Я, кажется, навсегда запомнила, как мы с мамой много лет назад стояли в очереди в сберкассе — знаете, бывают такие воспоминания-вспышки, как фотоснимки. Вот я и помню: маленькое душное помещение, на уровне моего носа — ноги, ноги, ноги, авоськи, кошёлки. Народу много, все стоят, переминаются, вздыхают. У обгрызенных по краям столов бабушки, медленно водя привязанными к столу шариковыми ручками, заполняют какие-то бумажки…
Рядом была почта — там тоже нужно был долго стоять в очереди к окошечку, чтобы получить бандероль или сделать перевод. Но! Там ещё почему-то были настоящие чернильницы и старые расщеплённые перья, и это было необыкновенно привлекательно — пока мама стоит в очереди, нацарапать что-нибудь, высунув язык, на бланке для телеграммы. Там же были массивные лакированные кабинки для междугородных переговоров, туда вызывали по фамилии, абоненты плотно запирали за собой двери и потом кричали в трубку на всё отделение, это было любопытно, я дома иногда играла в почту.
Я наперечёт помню все магазины своего детства: наш овощной — продавщицы в перчатках с обрезанными пальцами, хозяйственный — там удивительно пахло, продуктовый — в нём стоял почти космический автомат для продажи разливного растительного масла, дальний гастроном -шесть часов в очереди с бабушкой за сахаром, потому что 2 кг в одни руки, а на улице лето и фрукты-ягоды, молочный, который мы называли «стекляшкой», булочную с привязанными ложками — чтобы пробовать хлеб на мягкость, галантерею, прачечную, где выдавали завёрнутое в серую бумагу бельё, химчистку…
Я пишу это не для того, чтобы похвастаться своей феноменальной памятью. Я не сомневаюсь, что все так же хорошо помнят те же самые места — потому что мы в них часто бывали. В выходной, после садика, после школы мама, папа, бабушка брали нас за руку и шли с нами в будничный свой поход по магазинам и химчисткам. Это было иногда скучновато, и тогда нам приходилось самим придумывать, как себя развлечь, иногда наоборот интересно, но это была живая, настоящая, обычная жизнь, в которой мы волей-неволей участвовали, наблюдали её, самым естественным образом учились в ней ориентироваться.
Потом маятник качнулся сами знаете куда, и мы стали вести себя с нашими собственными детьми совсем по-другому.
— Как можно водить за собой маленького по всем этим сберкассам?! Там толчея, инфекция, там ребёнку скучно, пусть лучше посидит с бабушкой дома, позанимается с развивающими кубиками.

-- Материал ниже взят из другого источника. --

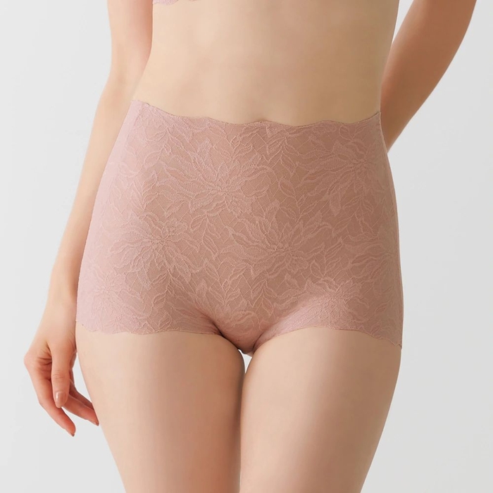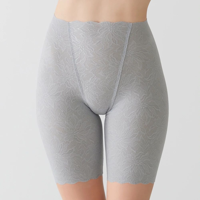 「ガードルファンデ」は、生地端が切りっぱなしのカットオフストレッチレースを使用した完全無縫製のソフトガードルです。やわらかな肌あたりでレース特有の凹凸感を感じにくく、縫い目や洗濯タグもなくして肌への刺激を軽減。ストレッチレースのほどよいパワーで、おなかとヒップまわりをやさしく補整します。ウエストや足ぐりにゴムを使っていないので、締め付けが苦手な方やガードル初心者の方にもおすすめです。本商品は、幾何柄のベースに大柄のお花を配置したレースを採用。エネルギッシュかつ繊細な印象に仕上げています。また、ボタニカル成分配合のローズヒップ加工で肌へのやさしさにもこだわりました。気分やアウターに合わせて選べるロングソフトガードルとショートソフトガードルをラインアップ。同じくカットオフレースを使用した完全無縫製の「ブラファンデ」と上下セットで着用いただけます。マチ付きで1枚で履くこともでき、薄着になるこれからの季節にパンティラインに悩む方にもぴったりのアイテムです。お腹、ヒップラインをすっきり補整する低刺激の「ガードルファンデ」で春のファッションをお楽しみください。

— Сумасшедшая мамашка, таскает в слинге повсюду бедного малыша, смотреть на него жалко!
— Дети должны получать положительные эмоции, зачем им эта тоска в очередях?
— Пусть дети живут детской жизнью, взрослые дела их не касаются!
Это маниакальное стремление оградить детей от жизни в любых её проявлениях привело к странным и неожиданным результатам. Ребёнку десяти лет надо подробно и на пальцах объяснять, как купить что-то в магазине: сказать то-то, предъявить карточку, не забыть взять сдачу, как следует убрать деньги… Московские дети тринадцати лет впервые в жизни попали в метро: визжали, как пятилетние, хохотали и хватались друг за друга. Я знаю родителей, которые с ужасом отбирают кухонный нож у ребёнка семи лет и пишут мне на экскурсию с пятиклассниками сообщения типа «проследите, пожалуйста, чтобы Маша надела шарф!»…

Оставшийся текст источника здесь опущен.